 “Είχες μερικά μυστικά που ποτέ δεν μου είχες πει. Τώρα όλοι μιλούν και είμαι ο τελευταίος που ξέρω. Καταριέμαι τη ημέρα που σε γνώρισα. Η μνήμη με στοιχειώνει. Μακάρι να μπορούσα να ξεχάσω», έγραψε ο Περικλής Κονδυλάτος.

==

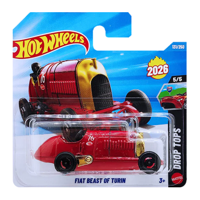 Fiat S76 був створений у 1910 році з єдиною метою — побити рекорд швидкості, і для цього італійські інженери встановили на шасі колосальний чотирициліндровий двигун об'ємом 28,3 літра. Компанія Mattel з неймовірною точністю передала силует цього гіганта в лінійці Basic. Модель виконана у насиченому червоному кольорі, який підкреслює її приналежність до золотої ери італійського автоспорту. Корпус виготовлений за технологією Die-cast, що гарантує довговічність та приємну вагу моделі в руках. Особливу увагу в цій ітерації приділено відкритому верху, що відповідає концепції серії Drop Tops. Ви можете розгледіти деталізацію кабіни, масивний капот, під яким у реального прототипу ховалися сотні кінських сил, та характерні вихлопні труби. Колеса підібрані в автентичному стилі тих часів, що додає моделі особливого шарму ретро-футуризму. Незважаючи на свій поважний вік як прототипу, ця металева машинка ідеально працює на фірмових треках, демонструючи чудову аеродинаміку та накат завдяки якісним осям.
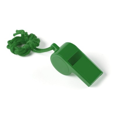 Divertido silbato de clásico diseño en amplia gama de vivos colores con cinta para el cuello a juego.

* What is expected
Of the lines above, quote exactly those from the one with "Fiat S76 був" through the one with "Divertido silbato de", ends included; pictures stay out.

* Answer area
 Fiat S76 був створений у 1910 році з єдиною метою — побити рекорд швидкості, і для цього італійські інженери встановили на шасі колосальний чотирициліндровий двигун об'ємом 28,3 літра. Компанія Mattel з неймовірною точністю передала силует цього гіганта в лінійці Basic. Модель виконана у насиченому червоному кольорі, який підкреслює її приналежність до золотої ери італійського автоспорту. Корпус виготовлений за технологією Die-cast, що гарантує довговічність та приємну вагу моделі в руках. Особливу увагу в цій ітерації приділено відкритому верху, що відповідає концепції серії Drop Tops. Ви можете розгледіти деталізацію кабіни, масивний капот, під яким у реального прототипу ховалися сотні кінських сил, та характерні вихлопні труби. Колеса підібрані в автентичному стилі тих часів, що додає моделі особливого шарму ретро-футуризму. Незважаючи на свій поважний вік як прототипу, ця металева машинка ідеально працює на фірмових треках, демонструючи чудову аеродинаміку та накат завдяки якісним осям.
 Divertido silbato de clásico diseño en amplia gama de vivos colores con cinta para el cuello a juego.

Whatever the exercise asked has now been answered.